I have learned a lot about Turkey here, but you know, I can’t single out just one Turk for it. Ayse Temmuz, Cagatay Ata, Alperen Erol, Erdi Küçük, Serdar Yalçın, Erkin Ergüney, Irene Avetyan

Albania/Kosovo is the other neighbour I’m consumed by interest about. Aziz Dida, Athanasios Canko, Ilir Mezini, Kelvin Zifla, Dorian Shkëmbi, Butrim Gjonbalaj

Deaf culture: Don Grushkin, Julie Hochgesang

The just re-deactivated Sam Morningstar on Native American culture and history

Jay Liu on China: Jimmy is gone, but will never be forgotten. He may be scandalised to be included in the same paragraph as him, but: Paul Denlinger too.

What is your country’s fireworks day?

Greece: Easter. The tradition involves celebratory gunfire in the churchyard at Easter Midnight Mass. The modern manifestation of that is fireworks being let off in the packed churchyard at Easter Midnight Mass. Both in Greece/Cyprus, and in the diaspora. The news each year reports people being injured (or killed) as a result; my sister has had her hair set alight at least once.

Australia: New Year’s Eve. There’s an attempt to do so on Australia Day as well, but New Year’s is the one that has captured popular imagination. The ABC makes a point of broadcasting shots from each capital city (and some random small country town), and it used to be a station promo.

Sydney’s are the most spectacular. Fond memories of being in a train in Sydney, and overhearing a family saying “we’re gonna go down to watch the crackers!”

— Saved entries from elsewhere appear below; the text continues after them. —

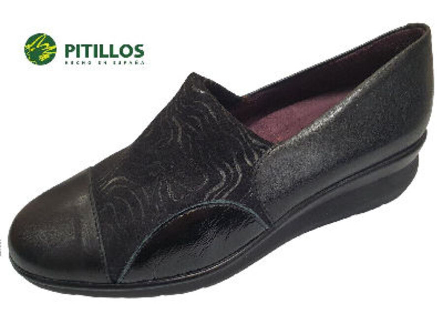 Low wedge dress slip-on with stretch embossed material for easy fit and a toe cap for added detail. A practical and stylish option for everyday or dress wear.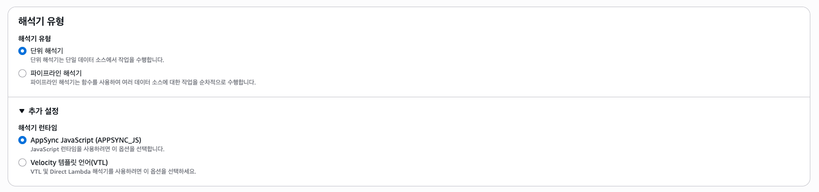 Resolver 유형은 단위 Resolver로 선택한다. 파이프라인은 AppSync 함수를 여러개 붙여서 순차적으로 Resolve하는 기능이다.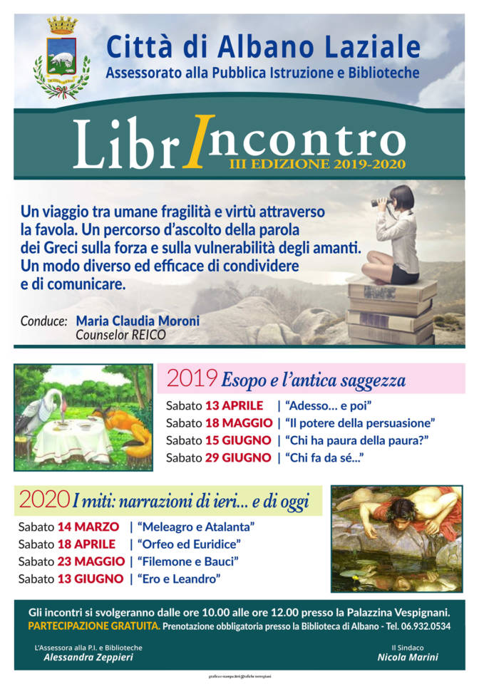“Sabato 13 aprile 2019 presso la Palazzina Vespignani (viale Risorgimento, 1 – Albano Laziale) dalle ore 10:00 alle ore 12:00 si terrà il primo incontro della terza edizione del progetto LibrIncontro che sarà incentrato sul tema Esodo e l’antica saggezza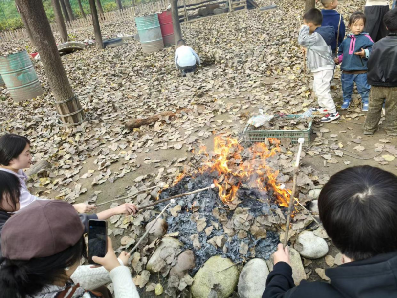 另一组幼儿手持竹签转动棉花糖,在户外火堆边烤棉花糖。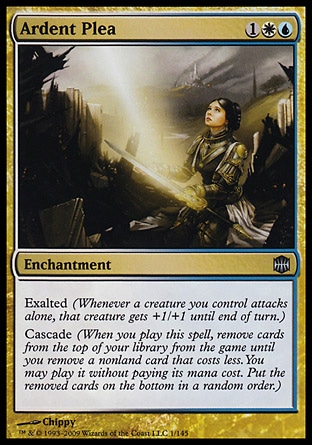 Exalted (Whenever a creature attacks alone, that creature gets +1/+1 until end of turn for each instance of exalted among permanents its controller controls.)Cascade (When you cast this spell, exile cards from the top of your library until you exile a nonland card that costs less. You may cast it without paying its mana cost. Put the exiled cards on the bottom in a random order.)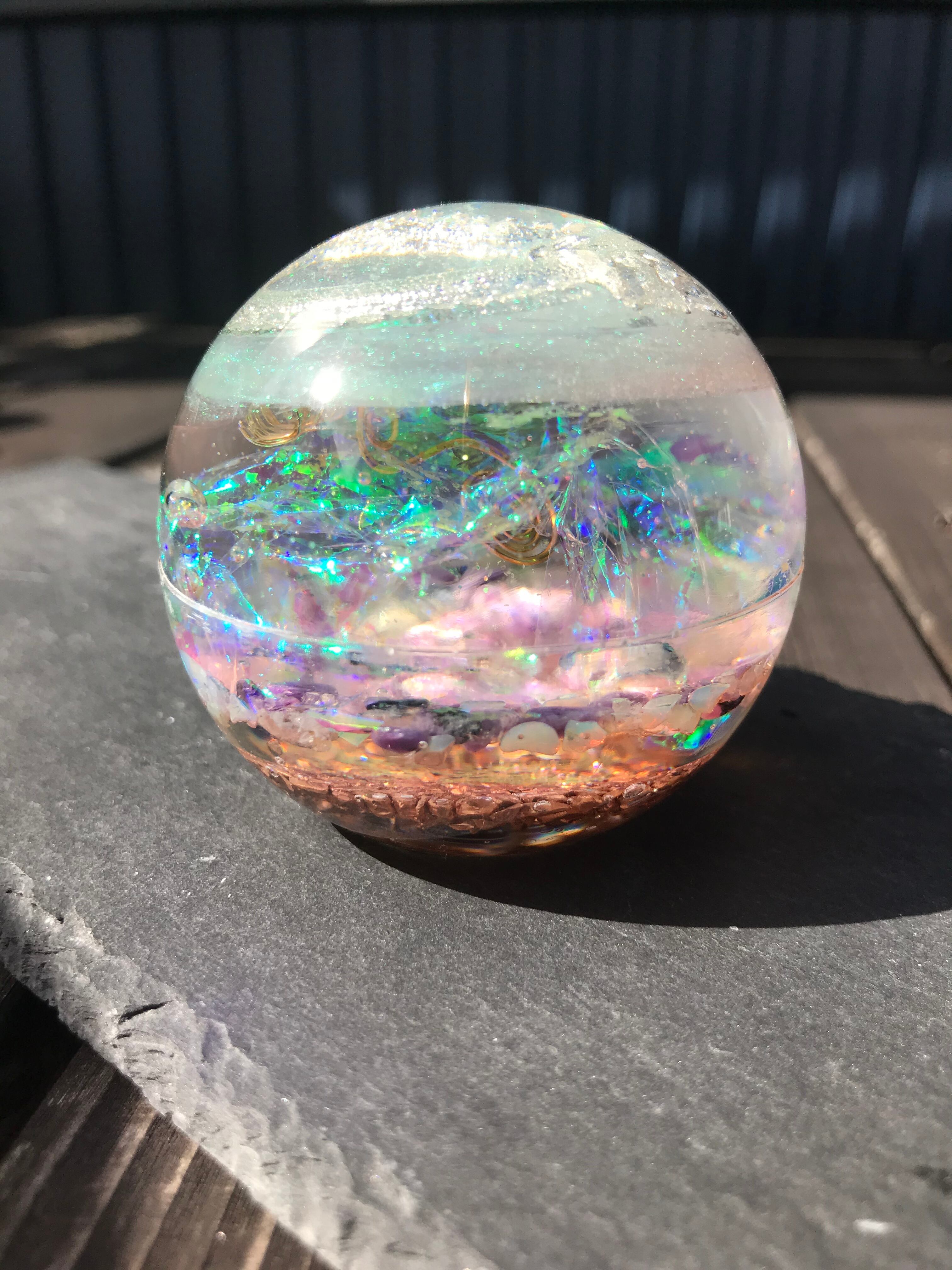 オルゴナイトは、金属や水晶などの鉱物(無機物)樹脂(有機物)で固めたもので、自然界に存在するネガティブなエネルギー(電磁波・放射線・想念など)を吸収し、ポジティブなオルゴン・エネルギーを発生する装置と言われています。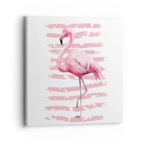 Lærredstryk - Billede på lærred - Flamingo på en lyserød baggrund i minimalistisk stil - 70x50cm - Med værdighed, om end i pink - Moderne vægdekoration til stue og soveværelse ARTTOR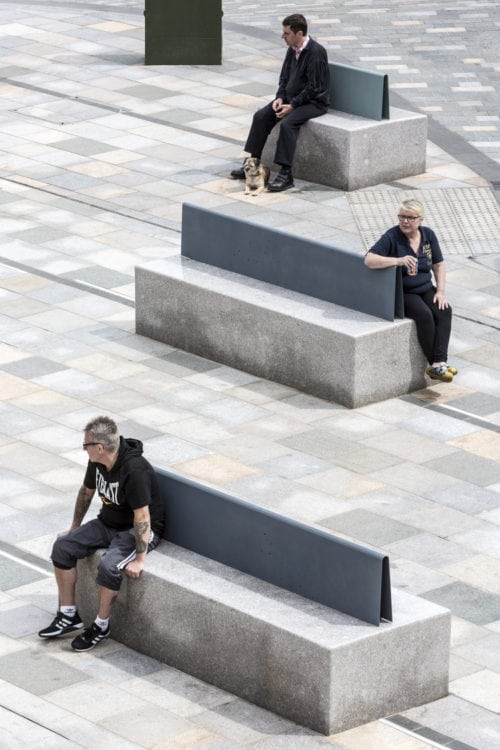 The design includes a new convivial urban space which features high quality surfacing and lighting improvements, to encourage community and civic activity, support the increased footfall to the newly refurbished Town Hall and create an attractive setting for weddings and other events set within the revitalised building. The one-way vehicular traffic system has been retained and accommodates ceremonial vehicles arriving at the Town Hall, general service and refuse access. Pedestrian space, however, has been increased and the space is organised to avoid parking interfering with pedestrian movement.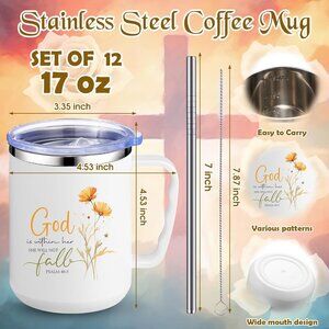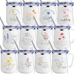 12 Pcs Religious Coffee Mugs 17 oz Insulated Leak Proof with Lid and Straw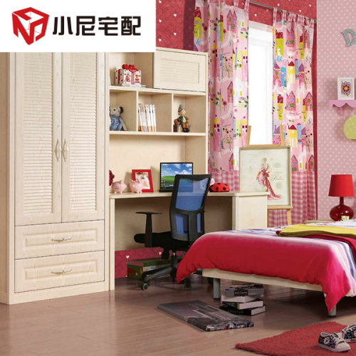 床頭采用吸塑工藝,百葉造型,彰顯雅致與活潑;簡約的床頭柜,小巧精煉,配上羅馬柱等線型,更顯文雅;字臺以白橡做舊的紋理,古典韻味的線型,同時(shí)又顯得精致靈動(dòng);衣柜經(jīng)典古樸,采用古典線型,時(shí)尚雅致的百葉門及獨(dú)具匠心造型的屜面,并加上懷舊懷舊的白橡紋理使整個(gè)衣柜氣質(zhì)非凡;椅子以弧形的線條靠背、固定扶手,簡單的造型,卻能給孩子舒心的學(xué)習(xí)體驗(yàn)。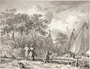 A Capriccio Of Classical Ruins With Figures On A Road, A Landscapewith A Town Beyond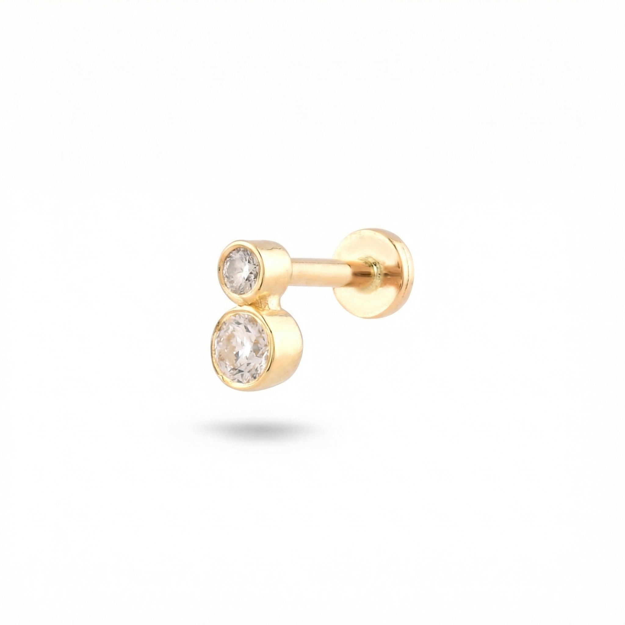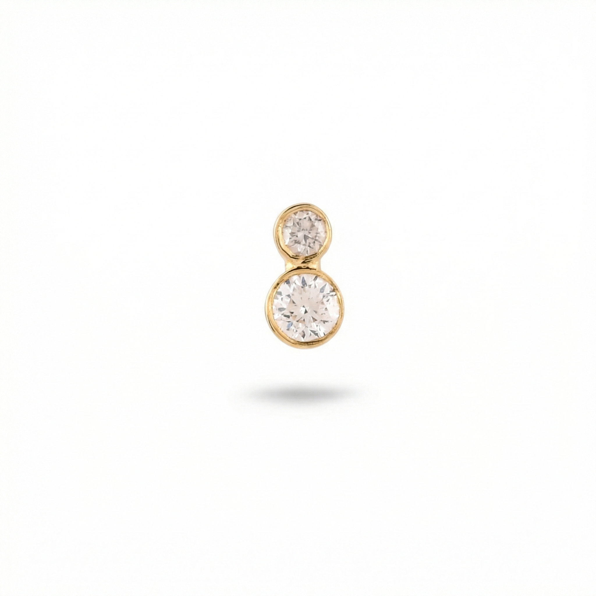 Questo piercing, caratterizzato da due diamanti rotondi, simboleggia l’armonia e la dualità, un’eleganza che si fa duplice e complementare.

What does your hometown look like?

Which hometown, Launceston in Tasmania, where I was born; Sitia in Crete, where I grew up; Melbourne in Victoria where I live?

Melbourne feels most like home, but there will be others to do a photo essay. So I’ll do Sitia.

I’ve already posted a bit about it at Nick Nicholas’ answer to What is your hometown’s dark secret?

Sitia, Crete; Sitia – Wikipedia.

Almost 10,000 inhabitants. Sleepy, placid, not a huge amount of tourism compared with the rest of the island. Town rebuilt in 1870 (by Muslims who aren’t there any more—it was not always so placid), so the only thing old in the town is the old Venetian fortress you can see at the top of the hill.

That was Wikipedia’s summer photo of the town; this is what I came up with at winter.

This is one of the main streets. Which looked so huge when I was a kid, and we would go out on our Sunday stroll. It doesn’t look huge now.

The town square. With palm trees—Sitia prides itself on the natural palm tree forest down the road. And my dad’s favourite cafe, all boarded up for renovations.

Apartment buildings, as far as the eye can see. This is Greece, after all.

At least we have a pier.

And a passenger terminal at the pier. Placed there just so as to make me look striking, of a sunny January morning.